Ruben starts excavating a large cavern by chisel. He carves countless details and patterns in the stone. Some reliefs take years to chisel. He works in a deep concentration. While chiseling, he meditates on his place in the universe, and on the fate of the world. He finds that after a long while without new impressions, new memories come back to him. He thinks a lot about the metaphoric nature of his enterprise: he is excavating a cave of stone, while at the same time excavating a cave of memories. 

Ruben's house lot is 10x10x20 = 2000 meters. Before Ruben feels that he is done with his excavation, he had chiseled away 500 cubic metres of stone. Every day, he removes three cubic decimeters of stone. Therefore, the chiseling takes him 500 years. 

The year is 2800. Ruben feels that he has finally achieved the patience necessary to do something well. He takes a break to visit the grave of Nino. Nino feels to him now like a childhood friend who died while they were still very young. 

He thinks about what to do next. In the future, it has been proven that there are no fast general solutions to computationally difficult problems (P =/= NP). Therefore, there are still plenty of unsolved puzzles. Ruben chooses a colorful tile problem and attacks it with the patience of immortality. The challenge is to place 256 tiles in a way that obeys certain rules. He moves into a monastery in a remote area. He spends his years on a cool floor, the tiles spreading out about him. He discovers plenty of methods and observations. He does not know whether a computer or another person has already thought of the same things, and it does not concern him. After 1000 years, he has laid 255 tiles in a legitimate pattern. But he cannot place the 256th tile in a way that obeys the rules. He stands up and walks out without finishing. He writes a computer program that uses his methods, that is able to solve the problem in an afternoon. 
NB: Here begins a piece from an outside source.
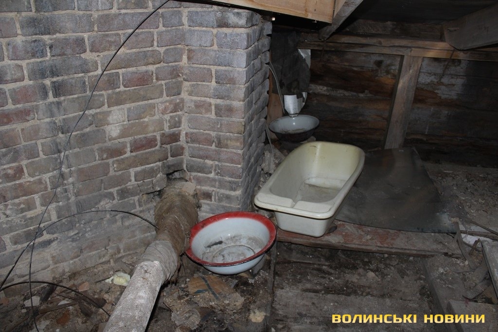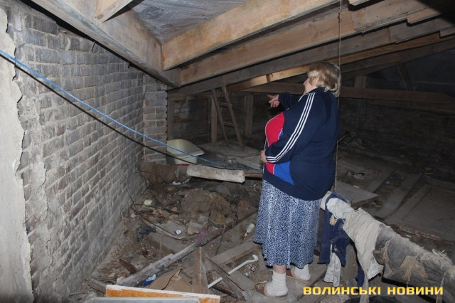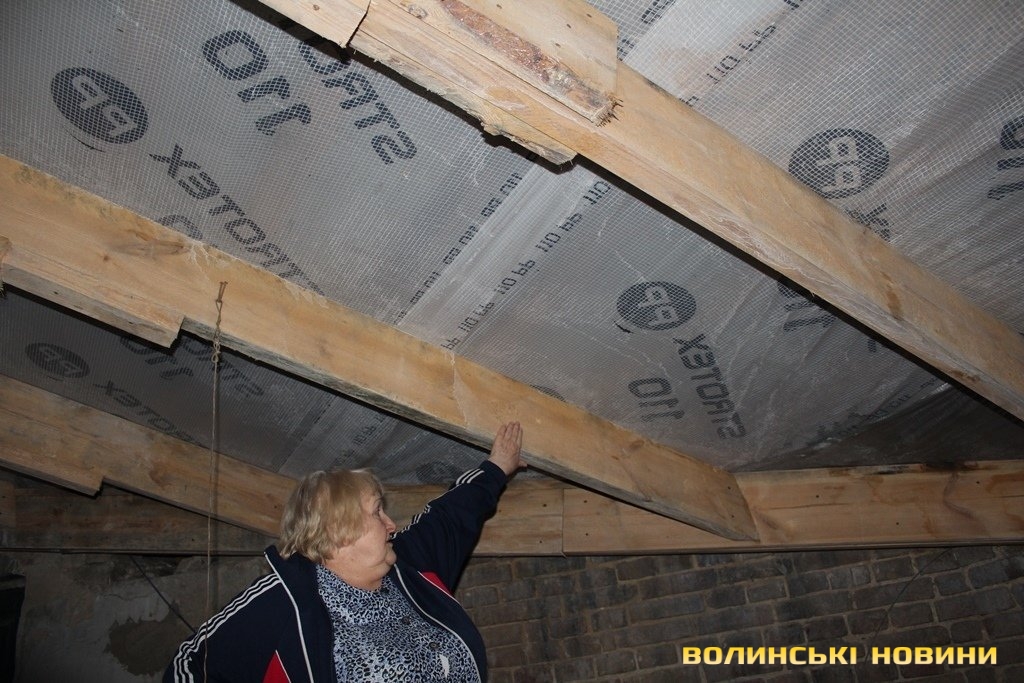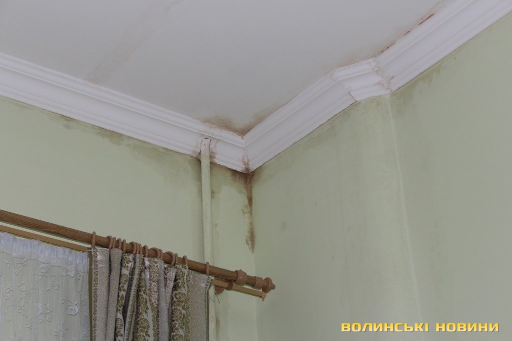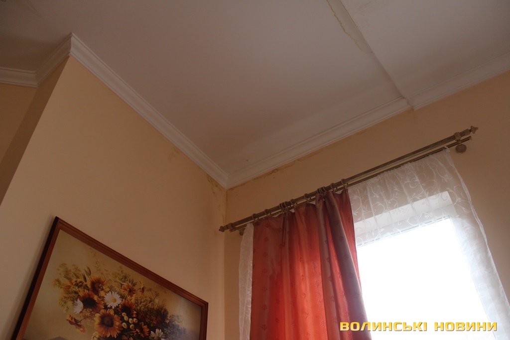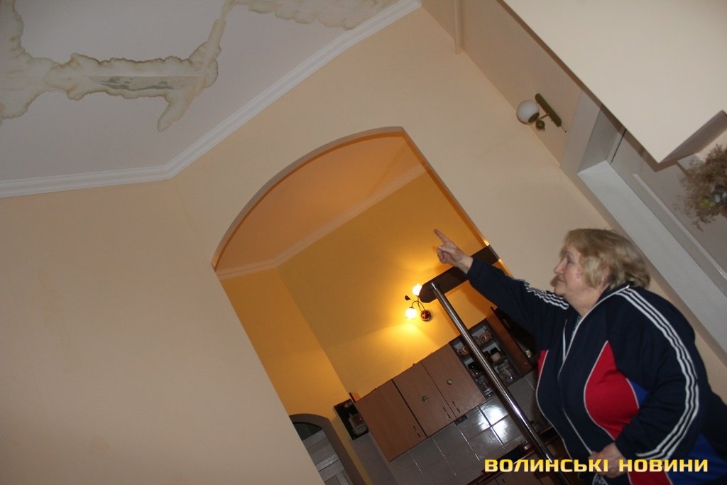 Надія Денисівна більше 30 років живе в Луцьку на вулиці Лесі Українки, 32. Вона каже, що проблеми з дахом були раніше, однак минулої осені зробили капітальний ремонт: стару покрівлю зняли, встановили нову. По цьому, каже пенсіонерка, думали, що проблема вирішена. Втім, пройшло кілька місяців й з першим талим снігом зі стелі потекло: «Он, вчора два відра води винесла – накапало. На даху я поставила відра, миски, щоб мені стеля зовсім не відпала. Вже ремонт зіпсований, по всіх стелях сліди від води, гіпсокартон намок і став зіпсованим, місцями просто відвалюється стеля».Будинок Надії Денисівни є пам’яткою архітектури та містобудування, який збудували на початку 20 століття. Мешканка пригадує, що будівельники дуже халатно ставилися до роботи: «Тут раніше було прибрано, я порядок навела, чистенько. А після ремонту повно сміття лишили, вже 4 мішки винесла, ще досі валяються недопалки, пляшки з під горілки, ще на мішка два назбирається. Ось такі тут були майстри-професіонали й за це їм заплатили 340 тисяч гривень».

The year is 3800. Every 10 years or so, Ruben has to get a genetic therapy in order to be physically rejuvenated. It is getting harder and harder to get a genetic therapy that restores the body to that of a human, as they originally evolved. Most rejuvenation therapy includes some update to the body's physiology that makes maintenance cheaper. Most people just get entirely new bodies. The new body also comes with an intelligence upgrade. Ruben has not been in a hurry with this, since he reckons that immortality is a long time. However, after his work with the tiles, Ruben decides to take the next step of his life and get the upgrade. He is one of the last people to do so. 

With the intelligence upgrade, Ruben's life changes dramatically. He will later look back on the upgrade as just the beginning.